Katya was close enough to the perimeter that she could overhear the peacekeepers talking into their comms.
“No, I’m not going to be patient. I’m f*****g through with being patient. You promised you’d send us ships. We’ve got five thousand kids here and no evacuation craft.”
It was the obvious nervousness of the peacekeepers and the other adults that bothered Katya more than anything. Because if the adults were nervous, that was usually a sign that whatever was going on was really, really bad.
Throughout the day, the shakes and the quakes got worse, though here in the open there was little danger of anything hitting anybody. But the peacekeepers rolled and swayed like wobbly toys and occasionally someone fell over.
By midday, when the sun was high in the sky and there was still no sign of any shuttles, Katya finally opened the lunchbox that Babushka had given her. She took out the two cans of strawberry kvass, gave one to Misha and kept the other for herself. Her stomach grumbled and she longingly regarded the six pelmeni nestled together in the box.
In the end, Katya gave two of the pelmeni to Misha, because he was still small and needed more food to grow. She kept one for herself and gave the remaining two dumplings to two little girls — sisters, aged six and nine — who were sitting next to them and had no food at all. And since the two girls didn’t have anything to drink either, Katya also let them take a swig of her strawberry kvass.
The younger of the two girls was still hungry and cast a longing look at Misha’s pelmeni, so he broke one in half and gave it to her. “She’s very little…” he explained, “…so she needs more food.”

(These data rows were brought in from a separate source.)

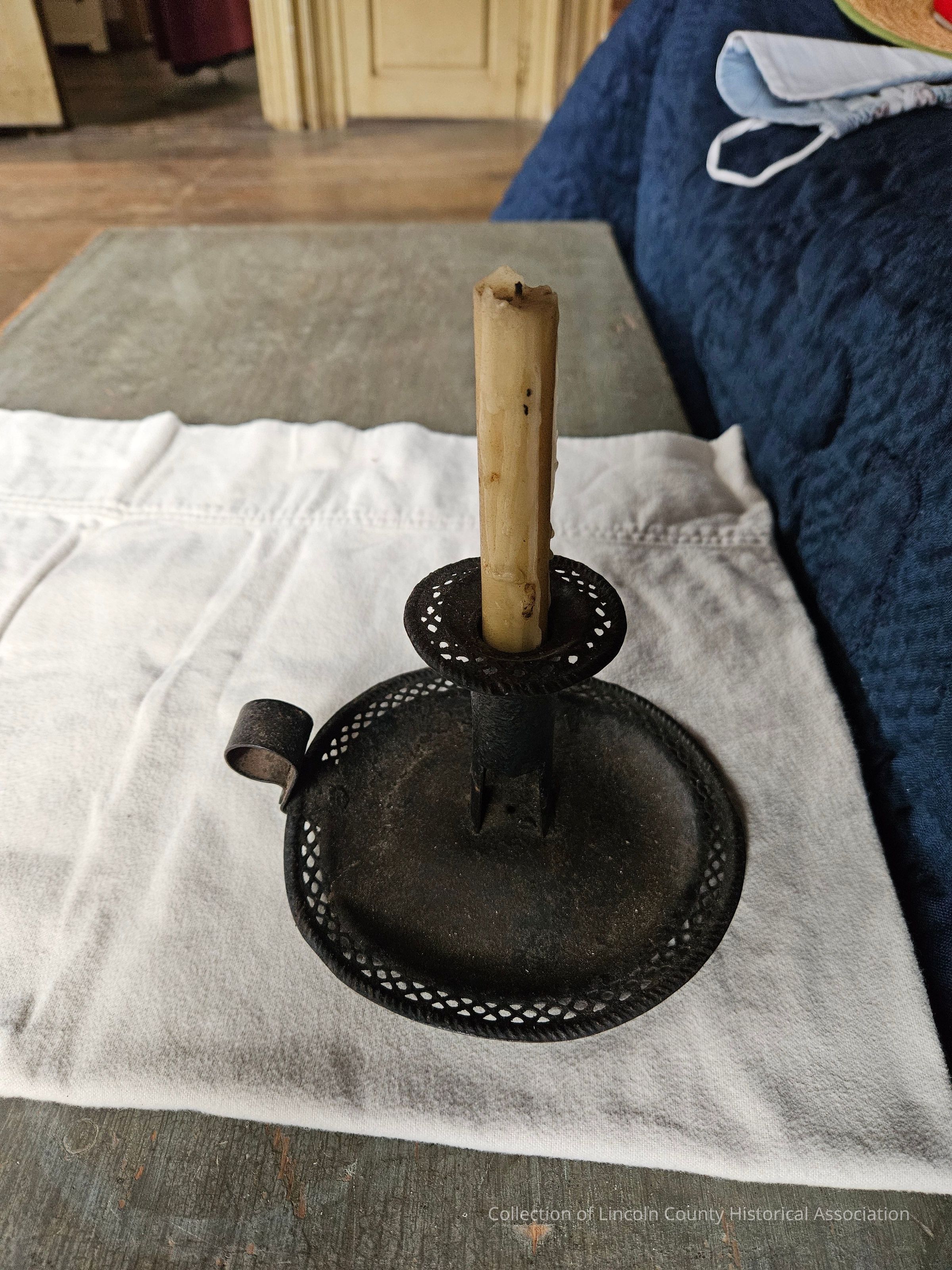 Candlestick with cut-out base and loop side handle. Saucer-like base with plain curved handle, vertical shaft holds candle topped by round drip edge. Drip edge and saucer base decorated with pierced open design of triangles bordered by delicate scroll edge printed black.Inscription/Signature/Marks
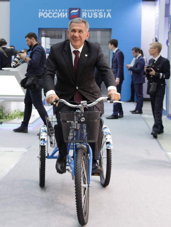 Официальный обход выставки "Транспорт России". Принимает участие Президент Республики Татарстан Р.Н. Минниханов. Фото: Александр Ерашов
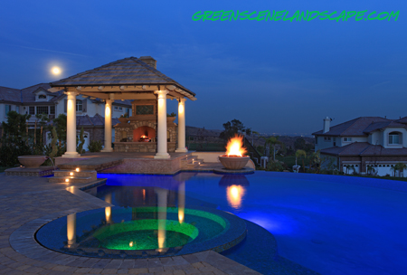 Picture flames dancing across the reflective stillness of a pool, an inviting walkway that leads you across water to a beckoning fireplace beyond, or a wall of water that glistens as it descends and then disappears behind a fiery
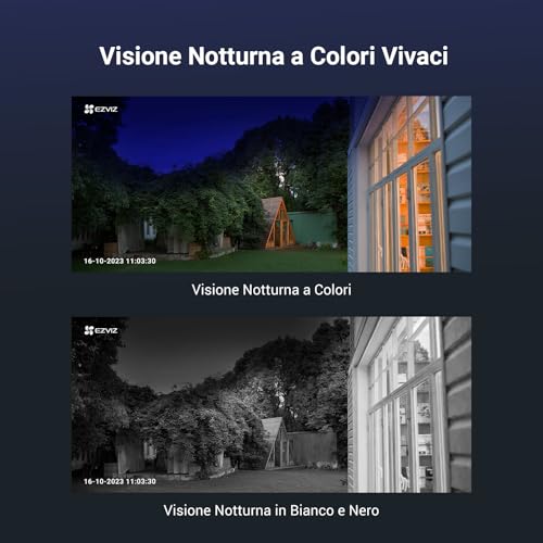 La EZVIZ BC1C è dotata di un sensore che registra video con una risoluzione Full HD 1080p (esiste anche una versione 2K/4MP). La qualità delle immagini diurne è ottima, con colori vividi e dettagli nitidi. Ma è di notte che questa telecamera sorprende. Grazie a due faretti LED integrati, offre una visione notturna a colori. Quando rileva un movimento al buio, i faretti si accendono, illuminando la scena e permettendo di registrare immagini a colori chiare e dettagliate, un vantaggio non da poco per identificare dettagli cruciali.
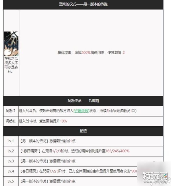 最后一个技能为单体攻击技能,这个技能属于一个比较强势的收割型技能,可以快速对敌方单位造成450%的精神创伤,如果在给这个技能不断升级的话,那么她的激情也可以快速削减,玩家可以直接针对敌方主力进行攻击,快速的压制住对手。
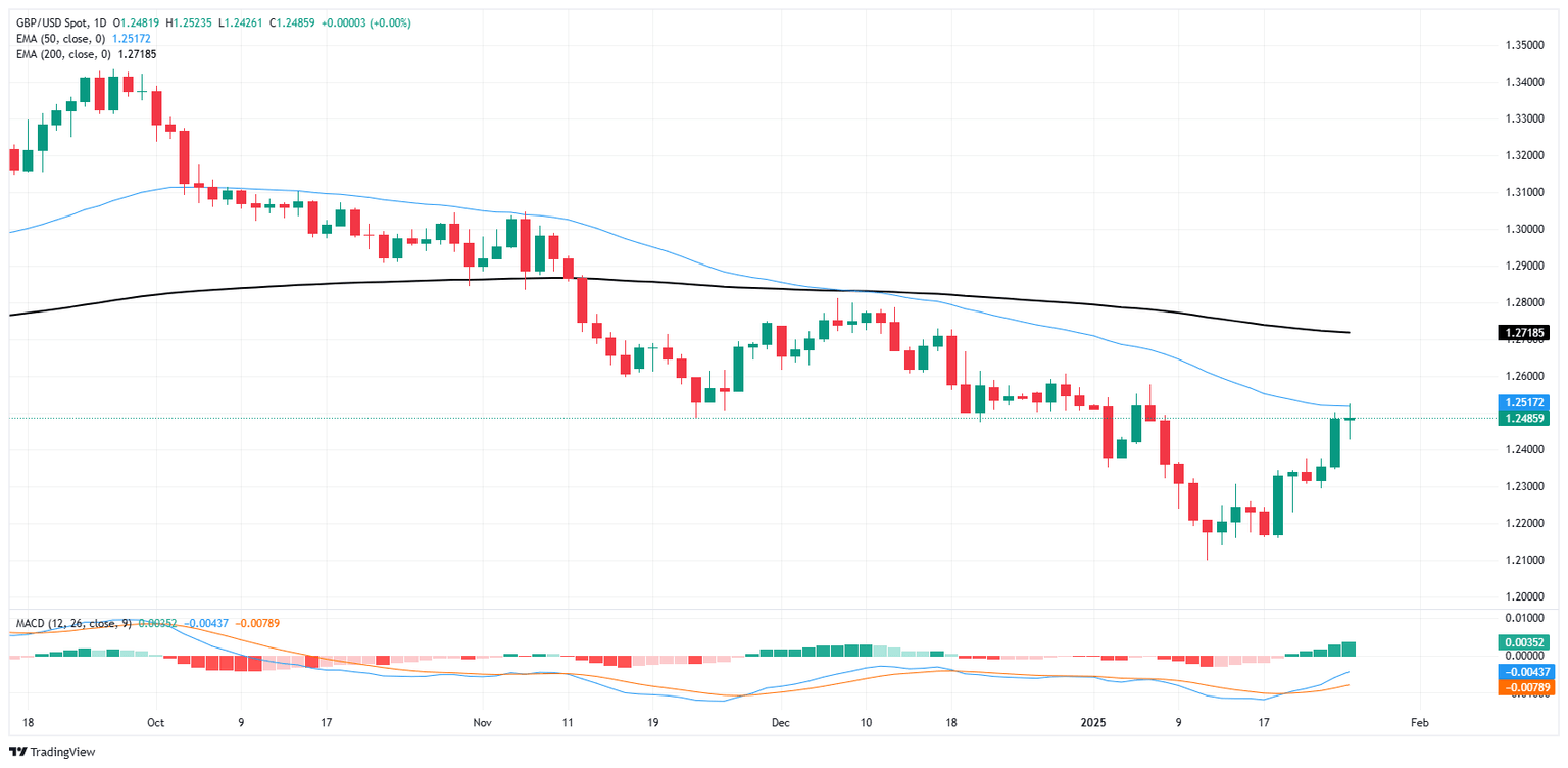 GBP/USD has beaten footprints into the charts on both sides of the 1.2500 handle on Monday, chalking in an intraday high above 1.2520 before pivoting back into the low side near 1.2480. With price action getting hung up on tech levels just south of the 50-day Exponential Moving Average (EMA) at 1.2517, bids are at risk of pricing in a near-term ceiling and giving bears a foothold in the daily charts.
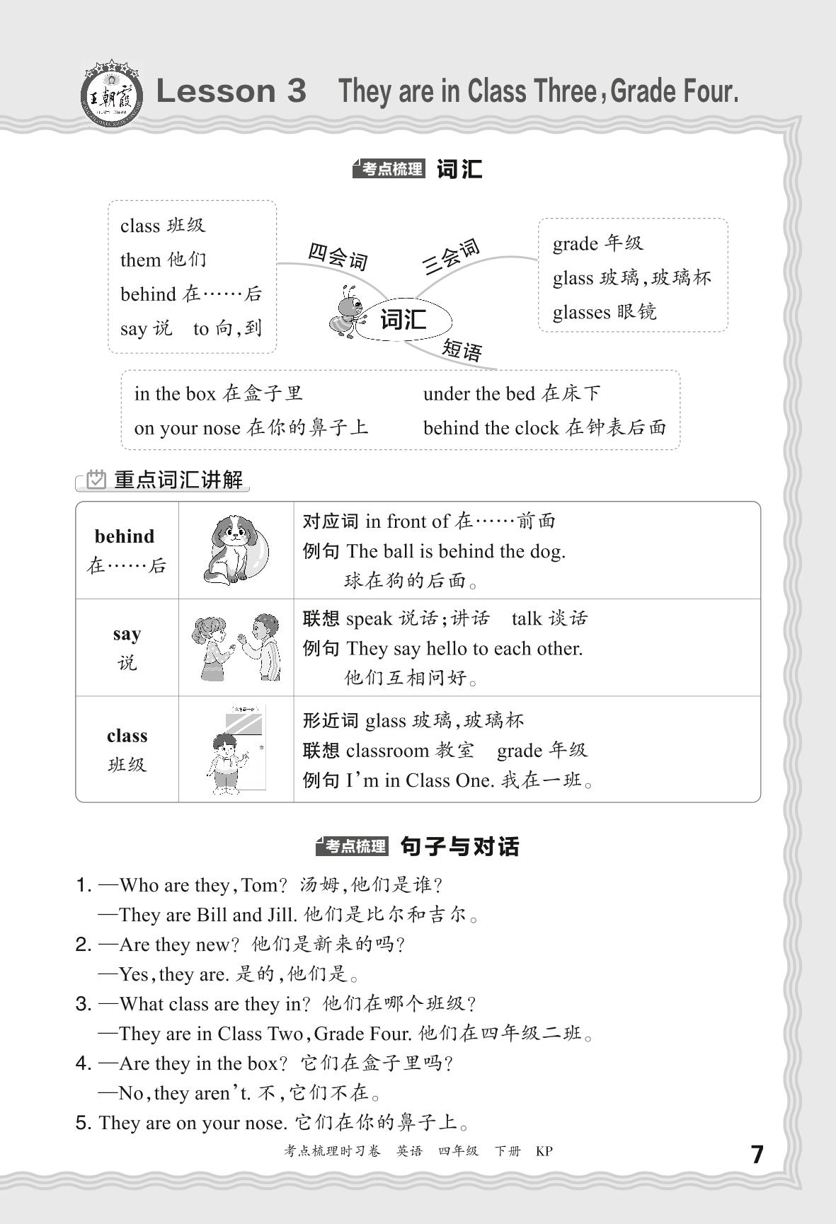 2024春下册四年级英语科普版 考点梳理手册——Lesson 3 They are in Class Three,Grade Four.
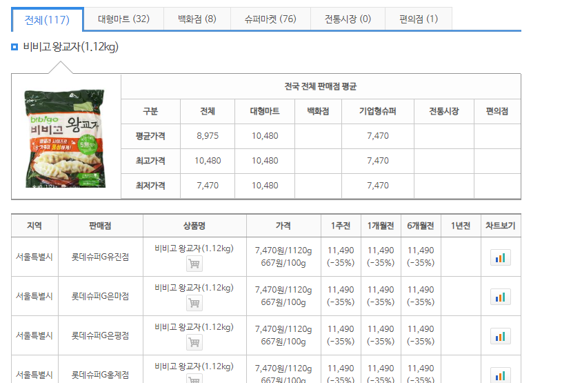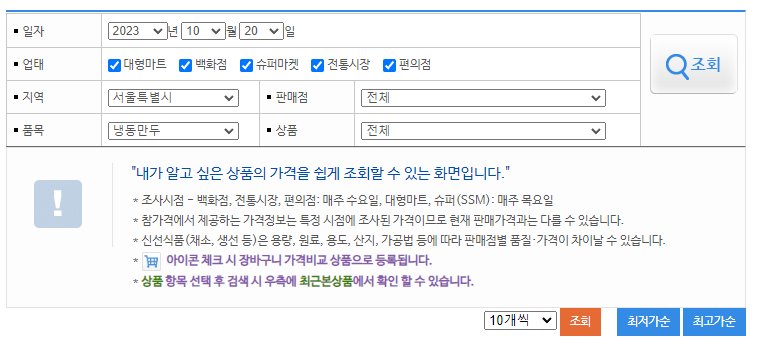 전국 단위 유통업체에서 판매하는 가공식품, 생활용품, 신성식품등 생필품 128개 품목(336개 상품)의 판매가격을
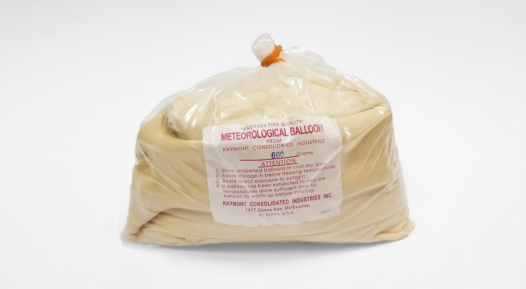 We are already at 624.32g, and still need to add a parachute which could be up to 100g. The standard weather balloon used for a payload of 1-2lbs is the Kaymont HAB-600:
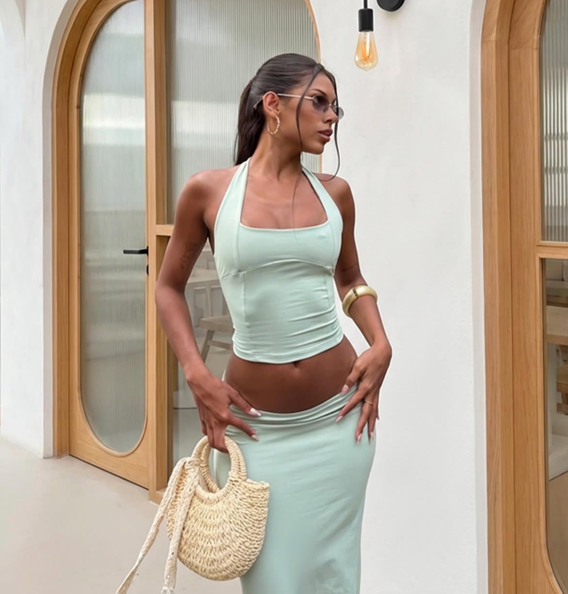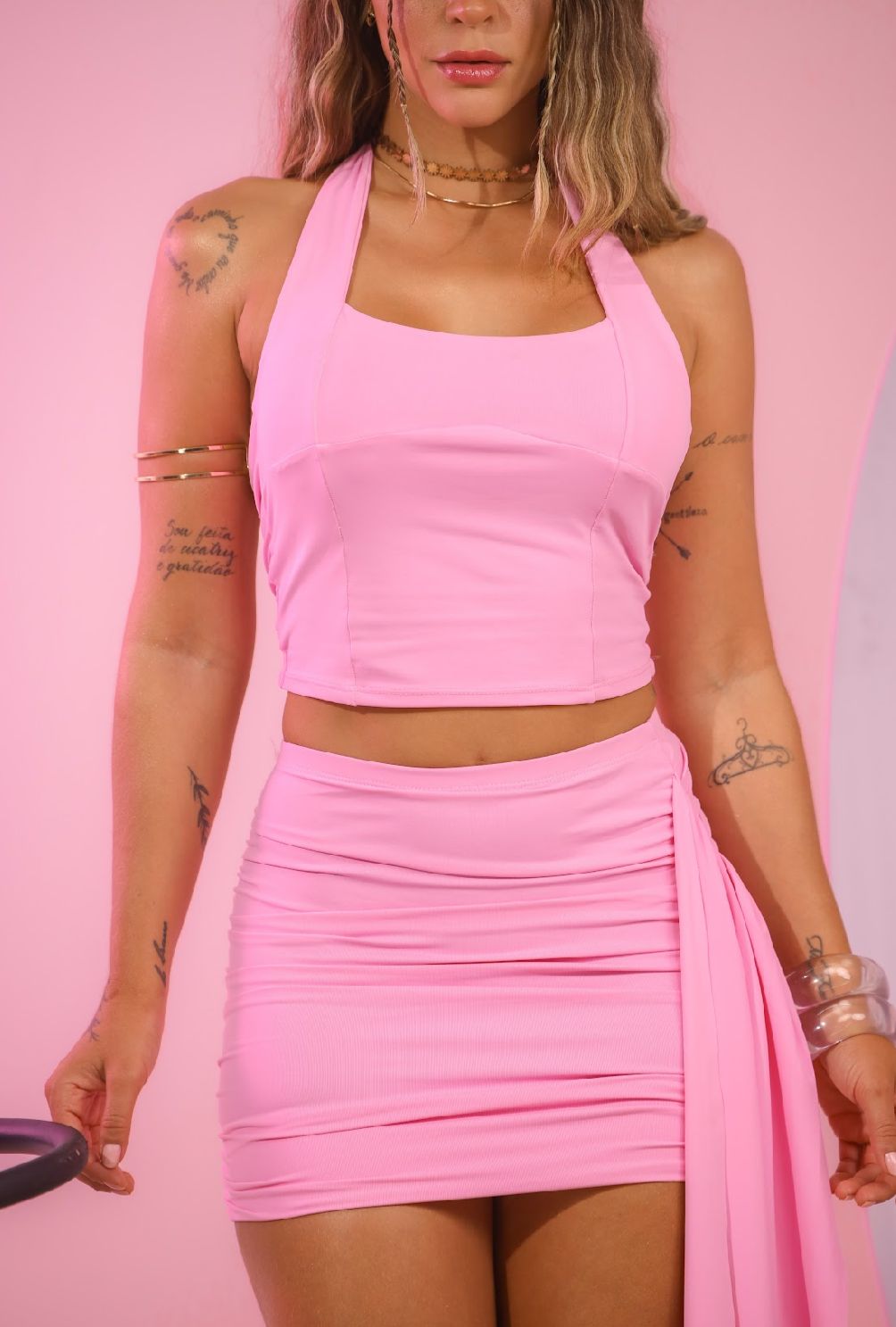 Cropped confeccionado em tecido poliamida, com toque macio, elasticidade e excelente caimento. Possui modelagem ajustada ao corpo e detalhe no fechamento atrás, proporcionando conforto e valorização do busto com decote. Peça versátil, ideal para compor looks modernos
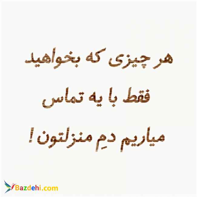 با عرض سلام خدمتِ همشهریانِ خوب و عزیزم... شما فقط و فقط با یه تماس هر چی که بخوایید (از شیرِ مرغ تا جونِ آدمیزاد) براتون با پیکِ رایگان میاریم... خوراکی... میوه.. لوازمِ تحریر.. دارو... لباس... لوازم بهداشتی و آرایشی و غیره...و هر چیزی که شما بخواهید... در کمترین زمانِ ممکن میاریم دربِ منزلِ شما عزیزان... و مبلغ رو در محل به پیکِ ما پرداخت میکنید...
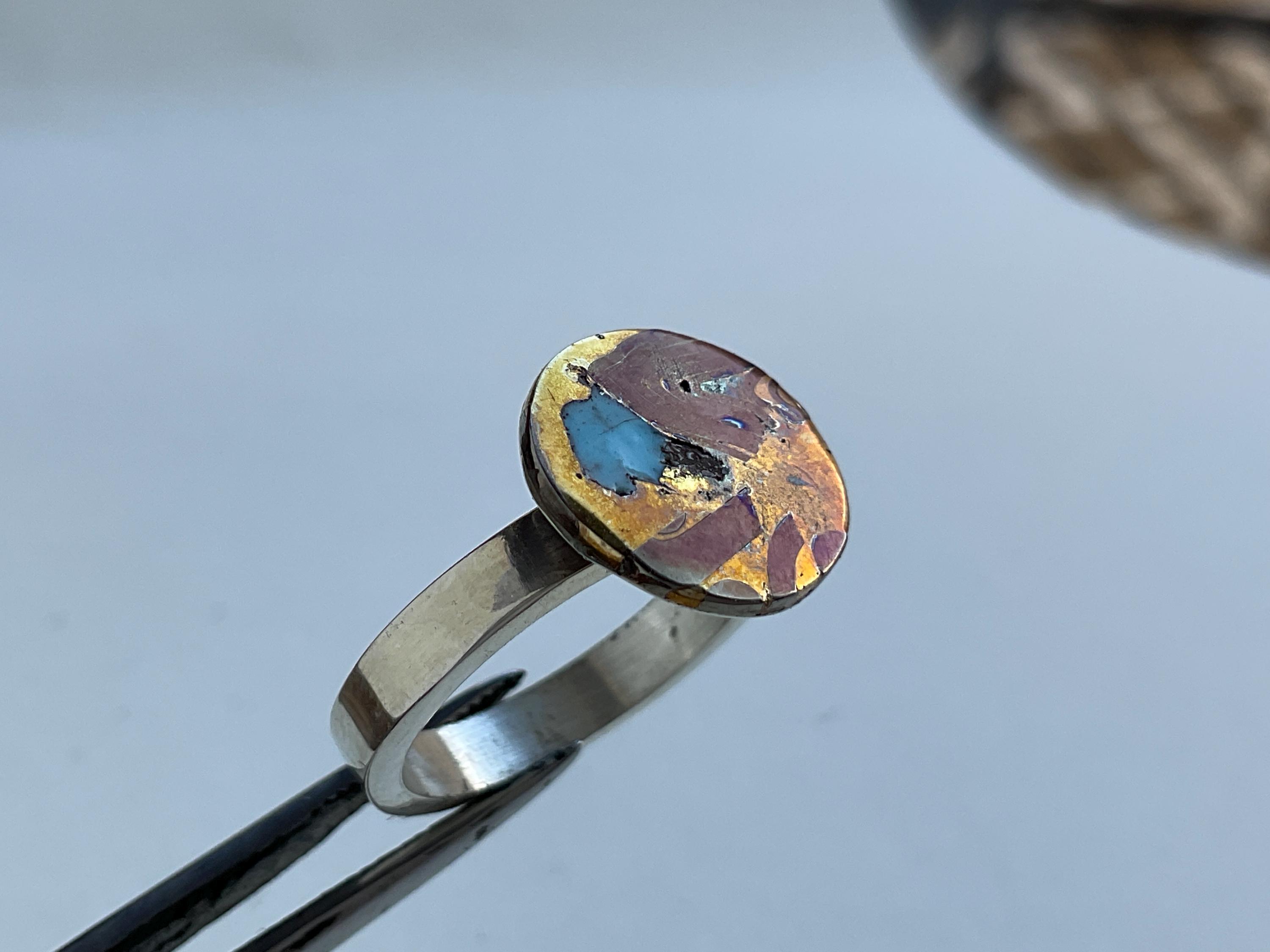 This work is made from recycled metal plus sterling silver for the parts which contact the wearer’s skin. I add a layer of clear wax to the surface of the recycled parts to slow the rate of tarnishing. You should wipe off fingerprints as soon as you see them with a soft cloth. Avoid acids, abrasives or salt, they will remove the coloured layer and react with the metal. The work will age gracefully.
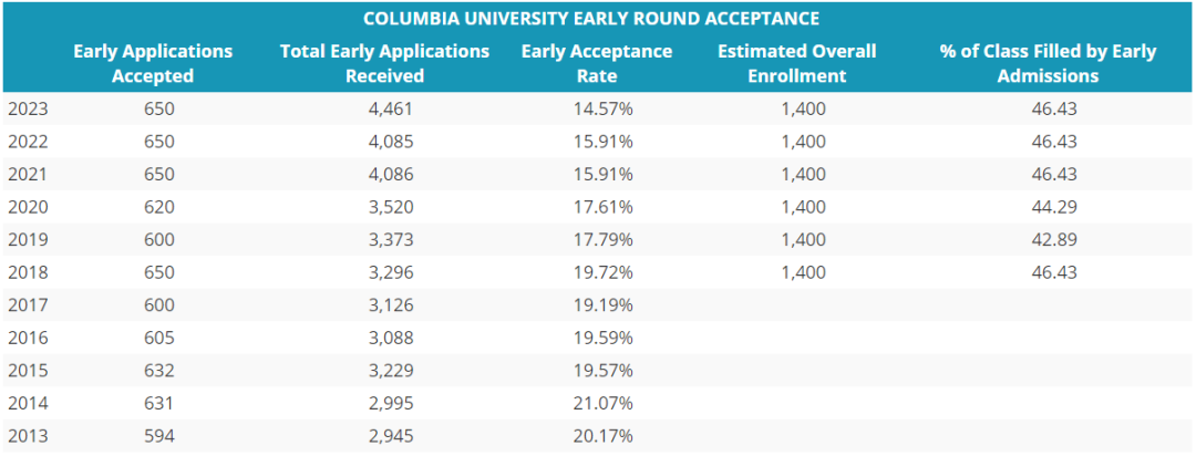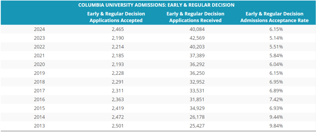 歷年來,哥大的錄取率著實低,近幾年一直處在8%以下,跟哈佛、耶魯、普林斯頓差不多。哥大的早申錄取率近幾年也下降的格外明顯,好在今年錄取率上升。
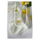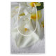 Pretty white calla lilies and iris with touches of yellow on a decorative white fabric

Katya ruffled his hair in response. And because Misha had managed to get minced meat and mushroom mixture on his hands and on his face as well, Katya pulled a packet of wet tissues from a pocket of her coat and proceeded to clean her little brother’s hands and face. The two little girls sitting next to them also looked in dire need of a wet tissue, especially the younger one, so Katya gave each of them a tissue as well.
And still they waited, waited for the ships to come that would take them all away from the only home they’d ever known.